On the other hand, if you have a patient who is 0.121 and just lost MMR, that patient can get to DMR within three months if you want.
Wouldn't that be fair to say that was a lot of the Enliven patients?
I can't comment on that, but I think, you know, yeah, the starting point matters. Yeah.
Yeah.
I mean, you want so ideally, if you see meaningful shifts at the early time point, I think the most informative data is look at those high patients. If you're seeing, you know, 0.3, 0.5 logs or even more than one log reductions in those north of 10% patients, that's very informative that your drug is clearly active and that you're gonna hit that MMR or exceed that MMR target at six months. And so, you know, I think we would be very impressive if you can take one of those 10% or higher patients and get them to MMR in three months. I think that's a clear indication that the drug is differentiated.
Right.
I think this goes back to your first question.
Yeah.
Right? About, like, the expectations we set. It's really about looking at it on a patient-by-patient basis on a small set versus comparing across and saying this is an X% response rate. It's really like taking individual patients, seeing where transcripts are going, and seeing what kind of impact the drug has.
It almost seems, and I know, I know we're out of time, but I feel like this is the last one, so I'm gonna do it. It almost seems like you're saying it's the baseline, and then there's a net reduction that you're able to get. And whatever that baseline is, is really what's gonna determine whether you get into MMR or not.
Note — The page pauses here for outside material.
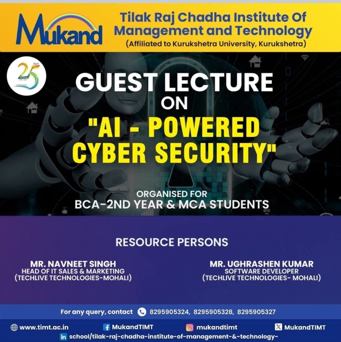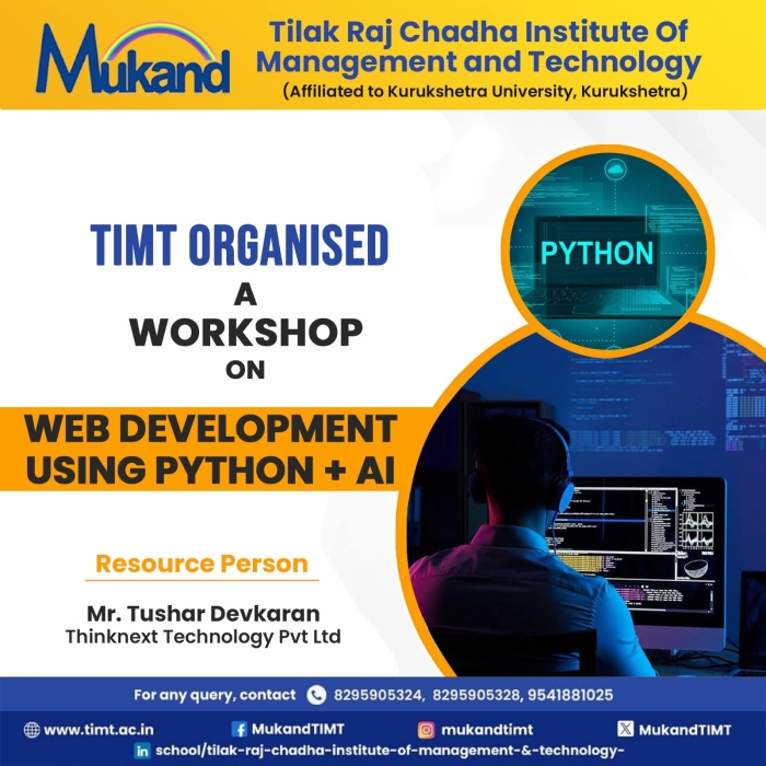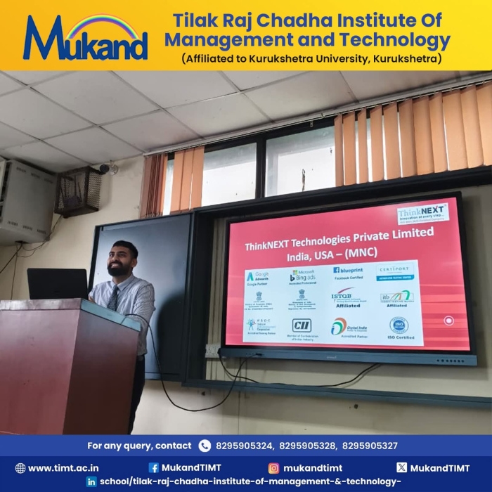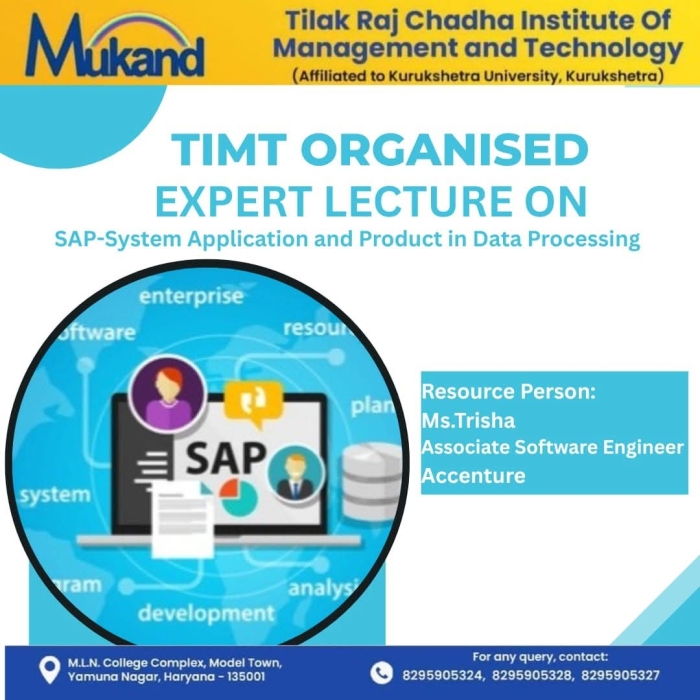 • Guest Lecture Organised on Generative AI for Computer Application Students      • Placement- 09 Students got placed in ICICI Bank       • SYNERGY 2K26 Fest Held on 9th - 10th feb 2026 in TIMT Campus      • Felicitation Ceremony --- Computer Applications Department held on November 26,2025      • Felicitation Ceremony --- Management Department held on November 21,2025      • Wipro Placement : 5 BCA & 4 BBA students selected- Congratulations !      • Proud Moment : 19 BCA students got selected in Infosys      • Guest Lecture on" The New Age Manager" held for MBA & BBA      • AI-Cyber Security session held for BCA & MCA       • Expert session on Digital Marketing for MBA & BBA      • Talent Show 2025 : Literary Events on 19 September,2025 and Cultural Events on 20 September,2025      • Hike Education Campus Placement Drive at TIMT on 16 September,2025      • Swachhta Pakhwada Plantation Drive held at TIMT on September 15,2025      • TIMT celebrates National Sports Day on 30th Aug 2025      • Campus Placement Drive at TIMT for MBA & BBA Students – Learning Routes      • TIMT Organised Workshop on Web Development using Python and AI      • KUK Inspection To Be Held On 13th May 2025      • 15th Blood Donation Mela held at TIMT on 29th March 2025      • Felicitation Ceremony --- Computer Applications Department held on November 26,2025      • Industrial visit for MCA (Previous & Final Year) students to Grazitti Interactive held on 26th March 2025.      • Industrial visit to Yakult Danone India Pvt. Ltd. Organized by Department of Management for BBA 2nd semester students      • BCA-5th sem- Top 10 University Positions secured      • MBA-3RD SEM- Top University Positions Attained by MBA Achieveres      • TIMT celebrates 111th Birth Anniversary of Prof. Tilak Raj Chadha (Bapu Ji) on 14th Dec,2025 at 11 am in MLN Auditorium      • BBA 5th sem -Top 3 out of 10 university positions secured      • International Womens Day- Guest talk by Dr. Suman Masih      • Pisoft Informatics Pvt Ltd - Organised for Management & Computer Applications Students      • Inter Departmental ELOCUTION Competition organized by Management Department       • Guest Lecture on Roadmap to IT held for MCA/BCA      • Tech Sphere 2.0 2k25 Held on March 3rd & 4th       • BCA 6th Sem students embarked on a thrilling Shimla       • An Engaging Interactive Session for MBA & BBA Students at TIMT      • Infosys Placement: 6 students of BCA selected in Infosys      • Wipro Placement : 2 students of management and 4 students of Computer application selected in Wipro.      • February 22nd 2025 - BCA 6th Sem students embarked on a thrilling Shimla tour       • Placement Drive held for Management and Computer Application on 17th January,2025      • Campus Drive for Estreet IT Solutions Pvt Ltd- MBA/BBA      • The guest lecture on ’Achieving Excellence Through Self-Management’ by Dr. Navneet Arora, esteemed Professor at IIT Roorkee      • National Youth Festival 2025 -proud BBA Student : Ms. Anshika Kathuria, who actively participated in the Viksit Bharat Young Leaders Dialogue 2025      • Industrial visit for MCA (Previous & Final Year) students to Grazitti Interactive held on 26th March 2025.      • Celebrated Seth Mukand Lal Ji Birthday on 5th Jan       • Campus Placement Drive - Grazitti Interactive to be held on November 25,2024.       • MSME Development Guest Lecture on Entrepreneurship and Various Schemes      • Joint Placement Drive - Infinity Education       • 5-Days DSA Workshop held by Tech Warriors Club       • Freshers Held for Management department on 1st Sep 2024       • Registration Open!! BBA, BCA, MCA, MBA- 2024      • KUK Inspection to be held on 29th March 2024      • Women’s day Celebration - March 7,2024      • Industrial Visit-Saraswati Sugar Mill held for BBA 2nd sem      • Registration Open!! BBA, BCA, MCA, MBA- 2024      • Guest Lecture-Mental Healh Wellbeing      • Inter College Quiz Competition-2024       • Inter- College Quiz Prelim Round 2024      • Expert Talk- Impact of AI      • IBM Skillset build session on 23rd Jan 2024      • Felicitation Ceremony -Nov 24th 2023(Comp. App)      • Empowering Youth for a Progressive Nation: Yuva Samwad Workshop      • TIMT Hosts Insightful Guest Lecture by Capitalline on Financial Markets and Investment Strategies      • Faculty Requirement Open MBA, BBA, BCA, MCA      • Felicitation Ceremony Even Sem 2023 held from May 15,2023 to May 17,2023      • Sixteen Students of BBA/ MBA Selected for Training in Times of India      • Blood Donation Mela - 2023 collected 230 units of Blood at TIMT.       • BCA / MCA Industrial Visit: Debut InfoTech Mohali      • TIMT| Approved by All India Council For Technical Education (AICTE) & Department of Technical Education (DTE) , Haryana.      • Affiliated to Kurukshetra University (A Grade NAAC Accredited), Kurukshetra - Haryana      • Advisory issued by MHA and GoI on Secure use of Zoom App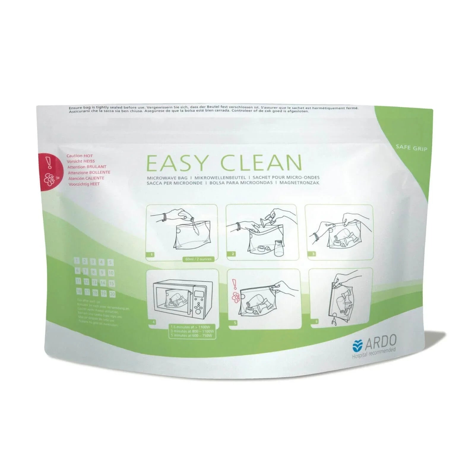 These Ardo Easy Clean Microwave Bags will kill 99.9% of harmful bacteria, microorganisms and germs. The Ardo Easy Clean microwave bags are ideal for use at home, on holiday, travelling or out and about. The innovative Safe Grip means you can handle them safely when removing from the microwave. Our steriliser bags are portable and easy to take on the go.

The baseline is a key component. The other component is what types of therapies have they seen? Do they have a resistance mutation? There's at least three axes on which you can predict and probableize what is the chance that I'm seeing this patient in front of me getting to an MMR or a CCyR in X amount of time. And so that's what we're trying to convey is that clinicians have a lot, a higher threshold or to keep a patient on therapy if they're in that very difficult-to-treat category and they're seeing downtrending BCR-ABL, that's a great sign in a patient like that. Whereas if I have a patient who's 0.1%-1% coming in and they're mostly intolerant to their prior therapies, yeah, I wanna get them to MMR and better. In three or six months.
So that's sort of the flavor you gotta apply before you just say, okay, my MMR rate is X at three months with, I don't know, 15-20 patients with.
Yeah.
Less than three months at the follow-up.
Got me all bowled out. The end. Thanks so much, everyone, for joining us and Terns. Thanks so much to the Terns team.